Without pictures, output exactly the lines running from the line containing "Малайзын Ерөнхий сайд" to the end of the listing below.

▶ **Dataset content**:
►

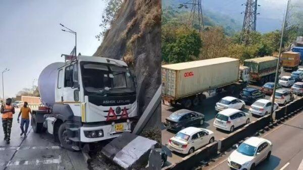 Lonavala : मुंबई-पुणे एक्सप्रेस वेवर खंडाळा घाटातील आडोशी बोगद्याच्या प्रवेशद्वारावर ३ फेब्रुवारीला प्रोपलीन या ज्वलनशील गॅसची वाहतूक करणाऱ्या टॅंकरच्या अपघातानंतर उद्भवलेल्या अभूतपूर्व वाहतूक, त्यामुळे झालेल्या समस्यांचे परिणाम, पडसाद अजूनही ताजे असताना आज सकाळी सव्वा दहाच्या सुमारास पुन्हा एकदा टँकरला अपघात झाला आहे. अमृत अंजन पुलाजवळील तीव्र उतार व वळणावर पुन्हा एकदा प्रोपलीन या ज्वलनशील गॅसची वाहतूक करणाऱ्या टँकर चालकाचे गाडीवरील नियंत्रण सुटल्याने टँकरला अपघात झाला. मात्र हा टँकर मार्गालगत असलेल्या डोंगराच्या पायथ्याशी असलेल्या गटारात जाऊन अडकल्याने मोठा अनर्थ टळला आणि सर्वांचा जीव भांड्यात पडला. जर टँकर उलटला असता तर, पुन्हा २० दिवसांपूर्वी झालेल्या अपघाताची पुनरावृत्ती झाली असती.
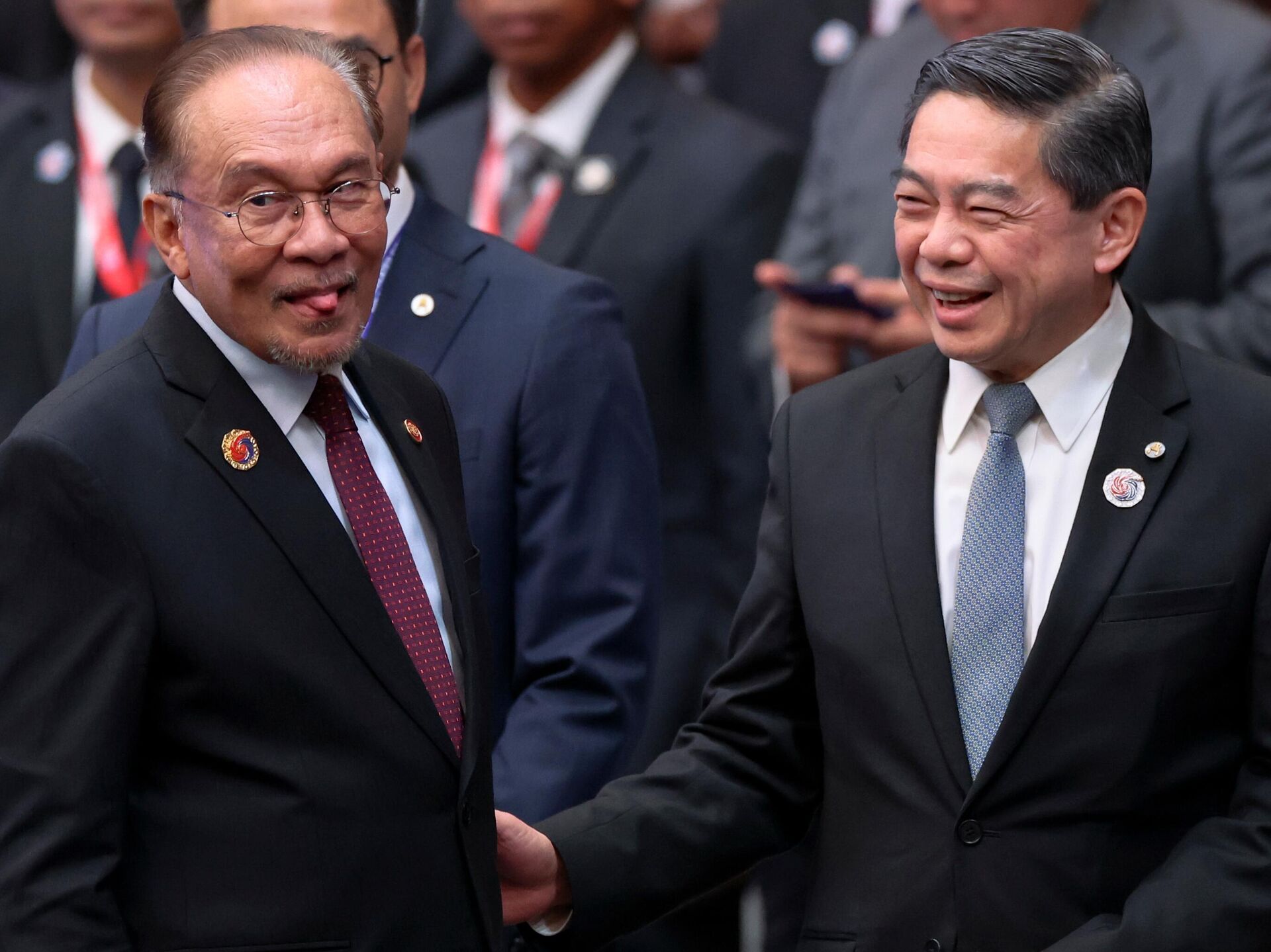 Малайзын Ерөнхий сайд Анвар Ибрахим 2025 оны 10-р сарын 26-нд Малайзын Куала Лумпурт болж буй АСЕАН-ы Япон улсын дээд хэмжээний 28-р уулзалтын үеэр хариу үйлдэл үзүүлж байна. (Chalinee Thirasupa/Pol Photo by AP)
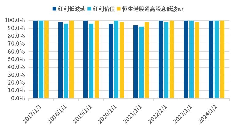 图:红利指数的成份股中分红公司的占比较高,多超过90%

◄

▶ **Answer space**:
 Малайзын Ерөнхий сайд Анвар Ибрахим 2025 оны 10-р сарын 26-нд Малайзын Куала Лумпурт болж буй АСЕАН-ы Япон улсын дээд хэмжээний 28-р уулзалтын үеэр хариу үйлдэл үзүүлж байна. (Chalinee Thirasupa/Pol Photo by AP)
 图:红利指数的成份股中分红公司的占比较高,多超过90%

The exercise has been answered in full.